= Aim of the exercise =
Go through the listing below and output exactly the line with "키움-삼성 | NC-KIA |", the line with "亲爱的同学:你好!我们是重庆", and each line between; omit the rest.
(Data to examine begins)
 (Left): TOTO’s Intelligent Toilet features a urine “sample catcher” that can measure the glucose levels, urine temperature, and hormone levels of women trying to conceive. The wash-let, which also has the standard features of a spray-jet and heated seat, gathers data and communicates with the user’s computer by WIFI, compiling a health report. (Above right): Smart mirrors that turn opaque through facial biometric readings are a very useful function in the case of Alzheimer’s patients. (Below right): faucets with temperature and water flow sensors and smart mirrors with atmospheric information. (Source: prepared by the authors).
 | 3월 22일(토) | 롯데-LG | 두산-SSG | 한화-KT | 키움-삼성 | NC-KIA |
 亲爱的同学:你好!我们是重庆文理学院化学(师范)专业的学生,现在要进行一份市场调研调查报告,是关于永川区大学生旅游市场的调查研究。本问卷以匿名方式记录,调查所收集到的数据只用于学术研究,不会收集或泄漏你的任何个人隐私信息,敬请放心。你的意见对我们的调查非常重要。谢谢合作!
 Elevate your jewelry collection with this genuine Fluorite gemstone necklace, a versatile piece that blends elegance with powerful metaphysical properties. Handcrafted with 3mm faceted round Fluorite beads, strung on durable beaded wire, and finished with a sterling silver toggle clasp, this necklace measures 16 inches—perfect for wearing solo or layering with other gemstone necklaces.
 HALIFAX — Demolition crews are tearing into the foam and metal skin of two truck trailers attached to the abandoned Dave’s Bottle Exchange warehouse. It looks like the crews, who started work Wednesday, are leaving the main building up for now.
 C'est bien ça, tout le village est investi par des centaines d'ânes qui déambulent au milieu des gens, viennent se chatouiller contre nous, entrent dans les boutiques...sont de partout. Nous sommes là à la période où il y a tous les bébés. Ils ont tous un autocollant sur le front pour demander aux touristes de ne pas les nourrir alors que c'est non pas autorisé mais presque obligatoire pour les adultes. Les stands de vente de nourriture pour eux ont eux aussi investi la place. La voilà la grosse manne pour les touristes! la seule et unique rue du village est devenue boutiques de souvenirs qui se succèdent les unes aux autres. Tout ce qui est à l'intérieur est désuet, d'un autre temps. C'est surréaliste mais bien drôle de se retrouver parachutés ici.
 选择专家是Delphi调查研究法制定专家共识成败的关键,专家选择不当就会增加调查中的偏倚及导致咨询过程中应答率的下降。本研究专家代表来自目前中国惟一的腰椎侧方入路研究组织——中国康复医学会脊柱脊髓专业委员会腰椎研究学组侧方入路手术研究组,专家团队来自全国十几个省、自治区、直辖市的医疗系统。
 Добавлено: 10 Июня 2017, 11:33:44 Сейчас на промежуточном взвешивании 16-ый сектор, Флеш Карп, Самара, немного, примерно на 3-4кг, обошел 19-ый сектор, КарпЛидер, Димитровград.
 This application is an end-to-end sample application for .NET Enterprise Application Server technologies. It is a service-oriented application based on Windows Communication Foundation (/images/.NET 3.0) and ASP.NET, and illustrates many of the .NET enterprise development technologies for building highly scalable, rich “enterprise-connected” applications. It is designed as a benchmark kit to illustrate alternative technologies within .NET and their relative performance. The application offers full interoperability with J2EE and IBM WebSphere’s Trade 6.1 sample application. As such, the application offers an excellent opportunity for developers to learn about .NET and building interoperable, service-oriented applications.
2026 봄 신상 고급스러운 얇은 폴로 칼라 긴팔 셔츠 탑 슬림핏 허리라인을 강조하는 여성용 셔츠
(Data to examine ends)
= Answer box =
 | 3월 22일(토) | 롯데-LG | 두산-SSG | 한화-KT | 키움-삼성 | NC-KIA |
 亲爱的同学:你好!我们是重庆文理学院化学(师范)专业的学生,现在要进行一份市场调研调查报告,是关于永川区大学生旅游市场的调查研究。本问卷以匿名方式记录,调查所收集到的数据只用于学术研究,不会收集或泄漏你的任何个人隐私信息,敬请放心。你的意见对我们的调查非常重要。谢谢合作!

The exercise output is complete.